As a long-standing service partner to various government agencies, BGRS maintains compliance with some of the strictest security protocols in the mobility industry. The resulting framework has served BGRS in recent years by making it easier to adapt to the emerging regulatory and data privacy challenges, such as the EU’s GDPR, Hong Kong’s PDPO, China’s Cybersecurity Law, or Brazil’s LGPD. Notwithstanding the pandemic and the shift to remote work, BGRS’s years of institutional experience and a robust compliance program allowed us to maintain an unflinching commitment to safeguarding personal data. As we continue to innovate and digitize our customer experience delivery, our data protection and security protocols evolved concurrently.
The importance of rigorous supplier screening, thorough due diligence, and continuous monitoring on the back end through a periodic audit process, cannot be overstated.
Another key aspect of delivering a seamless mobility experience globally is a well-integrated supply chain network. The importance of rigorous supplier screening, thorough due diligence, and continuous monitoring on the back end through a periodic audit process, cannot be overstated. This year, in particular, the Legal team partnered extensively with our colleagues in the Supply Chain Management function to rapidly adapt our compliance framework to the requirements of the pandemic. Partnering with hundreds of suppliers under pressure from COVID-19 related disruptions, in dozens of countries, to address these new threats was no small feat. However, in line with our business philosophy to develop and leverage collaborative partnerships, we were able to understand and address potential new risks.

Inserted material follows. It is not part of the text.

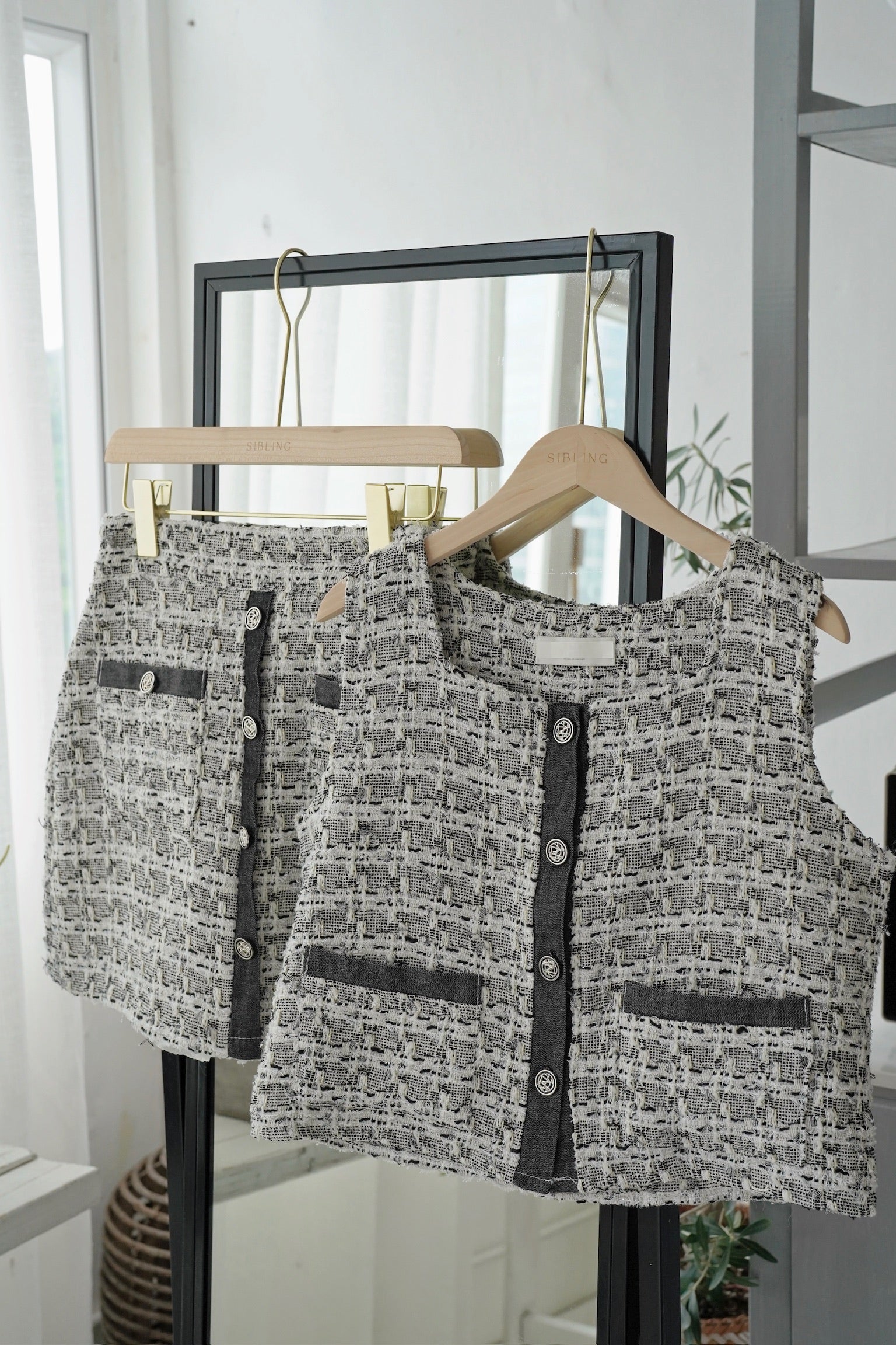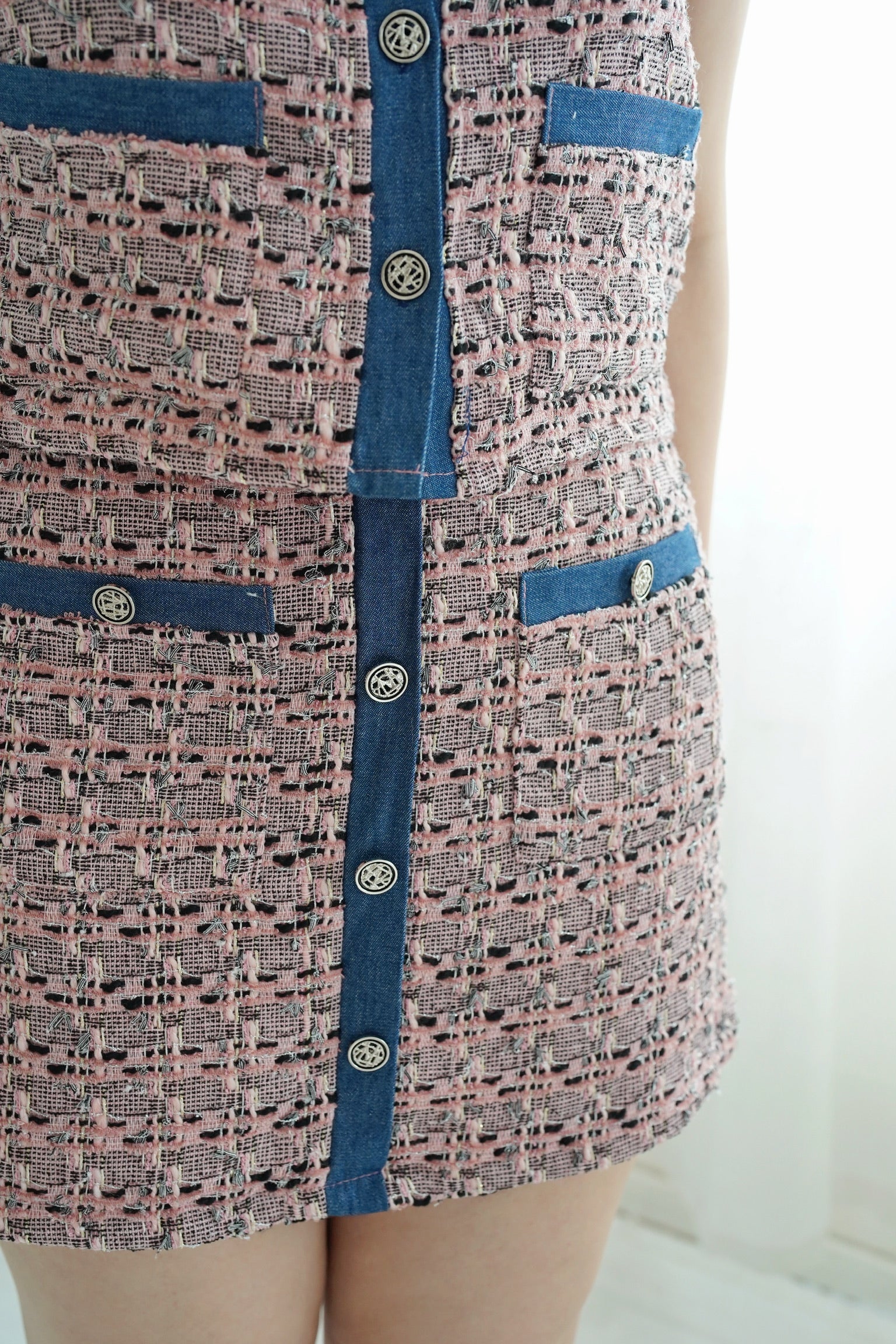 配上質感鈕扣 不同顏色拼湊而成的混線布料

A final consideration arising from the pandemic is the ability of companies across industry sectors to leverage telecommuting on an unprecedented scale. Many companies are now exploring the viability of making telecommuting a more prominent feature of their workforce strategy, even after the pandemic recedes. This raises several legal considerations in terms of designing remote work policies and ensuring that remote work remains consistent with legal and contractual requirements for service delivery, in addition to local labor laws, tax residency considerations, and traditional workers’ compensation concerns.
We proactively collaborate across the business and our client base to address the new demands of organizational resiliency, remote working, digitization and data security, guided by our corporate vision, by your side, looking ahead®. We see our clients facing similar challenges and seeking solutions as we collectively adapt to the initial shock of the pandemic and to the proverbial new or next normal.